### [EXERCISE DETAILS]
Pictures stay out of the output. Return exactly the lines below from the one with "This is the" down to the one with "上の写真は、ブロックを使用してたし算の学習を行っています。", both included, and nothing more.

Items from a dataset
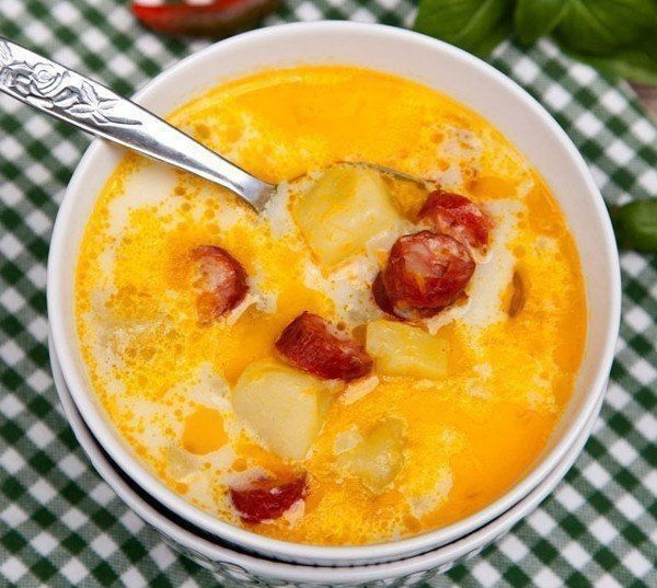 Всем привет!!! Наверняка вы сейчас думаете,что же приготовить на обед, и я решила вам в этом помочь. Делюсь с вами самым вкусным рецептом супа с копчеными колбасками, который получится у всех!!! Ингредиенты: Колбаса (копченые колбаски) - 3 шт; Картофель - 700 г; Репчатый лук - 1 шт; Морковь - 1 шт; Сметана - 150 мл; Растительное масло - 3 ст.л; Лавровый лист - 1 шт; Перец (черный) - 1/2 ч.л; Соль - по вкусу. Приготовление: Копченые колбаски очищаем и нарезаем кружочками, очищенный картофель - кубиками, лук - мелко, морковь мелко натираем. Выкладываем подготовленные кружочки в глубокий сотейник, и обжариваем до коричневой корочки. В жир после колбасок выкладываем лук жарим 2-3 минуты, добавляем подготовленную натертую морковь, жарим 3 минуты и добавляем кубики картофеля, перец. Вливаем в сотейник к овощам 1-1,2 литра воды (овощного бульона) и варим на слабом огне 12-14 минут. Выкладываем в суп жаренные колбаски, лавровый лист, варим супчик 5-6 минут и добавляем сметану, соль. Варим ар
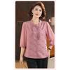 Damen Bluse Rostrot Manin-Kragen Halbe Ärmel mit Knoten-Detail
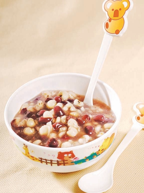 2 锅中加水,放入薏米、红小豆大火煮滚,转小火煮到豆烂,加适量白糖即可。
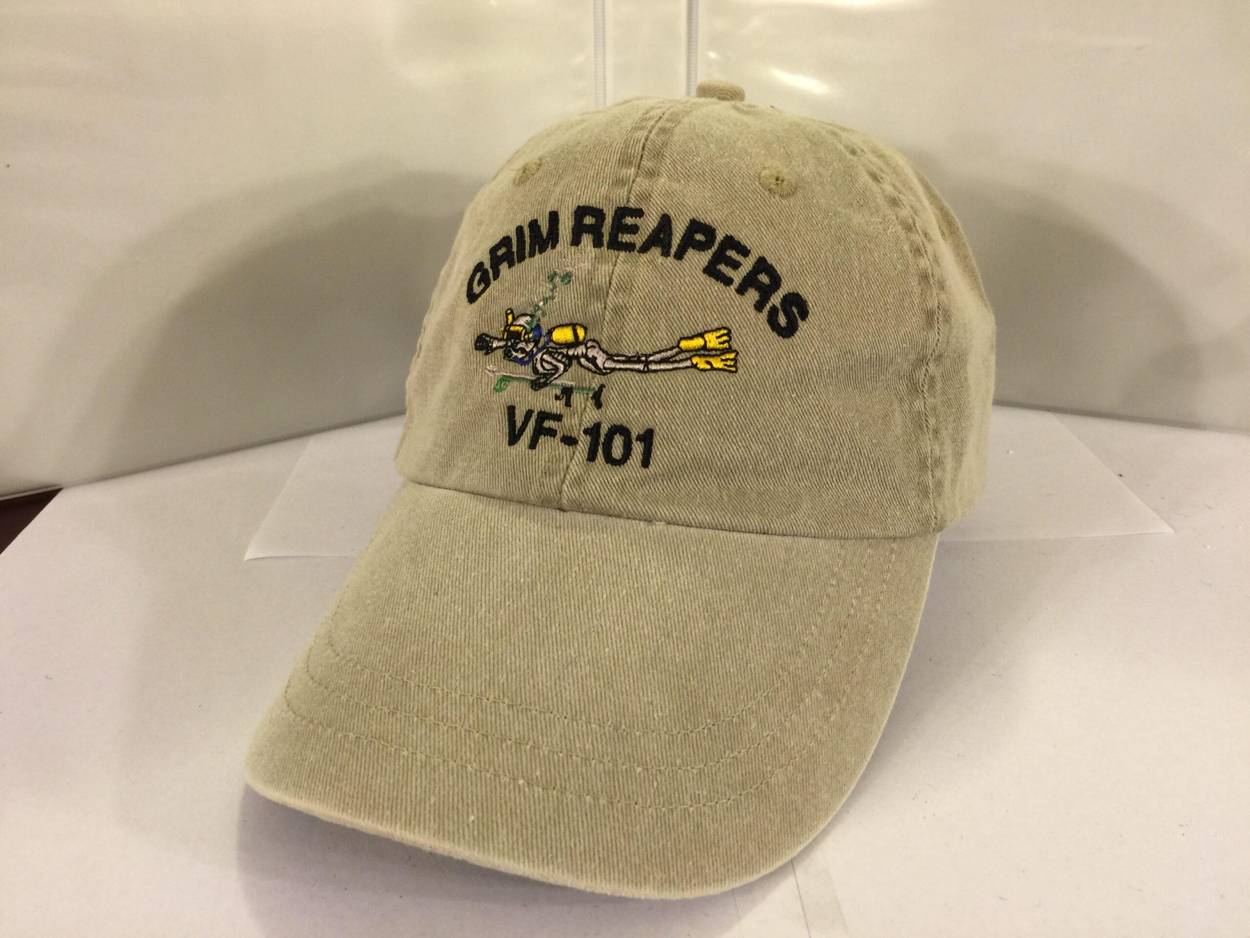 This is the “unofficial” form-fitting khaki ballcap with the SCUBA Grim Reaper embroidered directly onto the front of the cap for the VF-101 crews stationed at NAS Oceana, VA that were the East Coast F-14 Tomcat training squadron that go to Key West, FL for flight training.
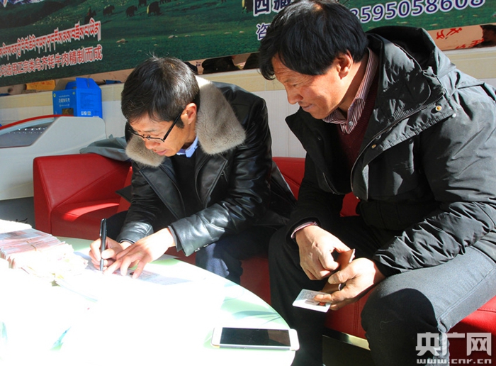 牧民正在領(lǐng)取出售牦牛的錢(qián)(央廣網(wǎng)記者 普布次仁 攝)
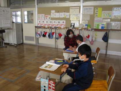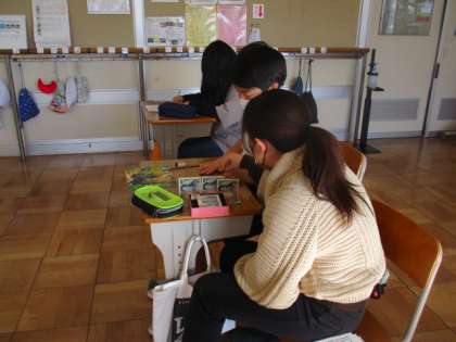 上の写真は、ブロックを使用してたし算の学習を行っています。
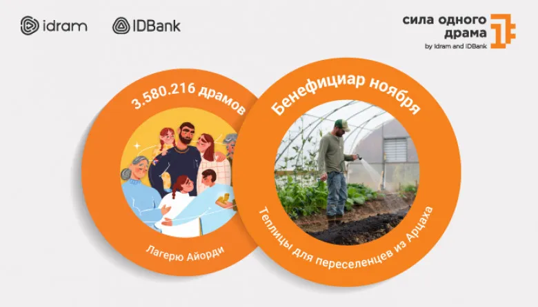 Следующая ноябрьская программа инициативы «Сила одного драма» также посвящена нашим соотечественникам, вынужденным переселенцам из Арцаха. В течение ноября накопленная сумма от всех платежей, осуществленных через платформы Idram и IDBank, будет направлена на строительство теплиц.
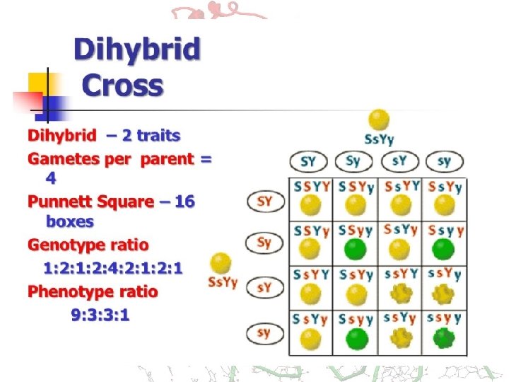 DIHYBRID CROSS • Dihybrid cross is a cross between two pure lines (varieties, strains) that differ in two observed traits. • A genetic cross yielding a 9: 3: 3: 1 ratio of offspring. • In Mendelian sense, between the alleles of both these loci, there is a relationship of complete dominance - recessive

### [EXPECTED ANSWER]
 This is the “unofficial” form-fitting khaki ballcap with the SCUBA Grim Reaper embroidered directly onto the front of the cap for the VF-101 crews stationed at NAS Oceana, VA that were the East Coast F-14 Tomcat training squadron that go to Key West, FL for flight training.
 牧民正在領(lǐng)取出售牦牛的錢(qián)(央廣網(wǎng)記者 普布次仁 攝)
 上の写真は、ブロックを使用してたし算の学習を行っています。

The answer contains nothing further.